Small firms are big in city, area economy

2/16/2002
BY JANE SCHMUCKER
BLADE BUSINESS WRITER

Lots of area residents don't have very many co-workers.

About half of the business establishments in area counties have one to four employees, according to the U.S. Census Bureau. Many of those plants and offices are branches of larger operations, but a significant number are independent, small businesses.

In many such businesses, two or three generations of a family are involved in operations, said Linda Bowyer, director of the small business and entrepreneurship institute at the University of Toledo.

The recession has affected more small businesses than larger industries because more small ventures operate on a shoe-string, said Bruce Lee, executive vice president of Fifth Third Bank. Especially since Sept. 11, many businesses have needed to dig into reserve funds. For many businesses, recent months have been the hardest in more than a decade, experts said.

But the economy hasn't diminished the number of people who at least investigate starting their own business.

“Maybe I'd have a little more job security if I'd pilot my own boat,” Ms. Bowyer said some of her clients tell her.

Others just appear to want to work for themselves, feeling that, even if they work longer hours and earn less, they'd be happier.

Down markets present opportunities for such entrepreneurs. It's less expensive to borrow money and real estate costs - which for years have been less in Toledo than many cities - are lower in some cases.

However, lenders, who traditionally are more leery of small business loans, have become nervous, Ms. Bowyer said.

Local counties have long been more dependent on small businesses and small branches of larger organizations than many areas of Ohio and Michigan.

Only 32 work sites employed more than 1,000 people in 19 area counties in 1999, the most recent year that U.S. Census records are available. That same year, Franklin County (where Columbus is) had 40 and Cuyahoga County (where Cleveland is) had 48.

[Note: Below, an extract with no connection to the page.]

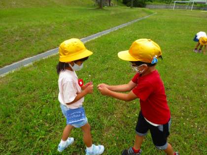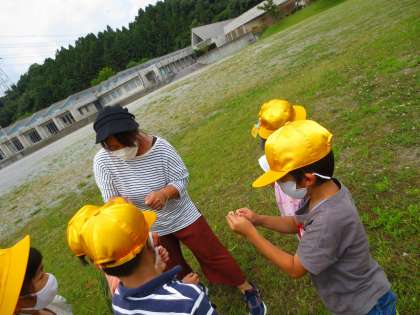 オオバコを使った草花遊びです。茎を絡めて引っ張り合い、茎が切れた人が負けになります。担任に挑戦したり、友だちとやったりと楽しそう。
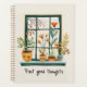 Niedliche Pflanze liebt Planer/Zeitschrift mit einem schönen Design von handgezeichneten Pflanze, die auf einem Fensterbrett sitzen. Die Worte "Pflanze gute Gedanken" werden unter dem Kunstwerk in einem handgeschriebenen Schriftart geschrieben. Perfektes Ruhestandsgeschenk für ganzjährig geplante Gartenanlagen.

Throughout Ohio, there were 297 sites had more than 1,000 employees. Michigan had 250 that year.

Of the 11,225 workplaces that the census counted in Lucas County, almost 10,500, or 93 percent, employed fewer than 50. At the time, 12 employed more than 1,000.

Hancock County had four sites employing more than 1,000 and Monroe County had three. But most northwest Ohio and southeast Michigan counties had only one or two such sizeable workplaces and several - including Ottawa, Paulding, Seneca, and Williams counties - had none.

Nevertheless, many of those small plants and offices are dependent on the fortunes of the region's largest businesses, particularly in the auto industry.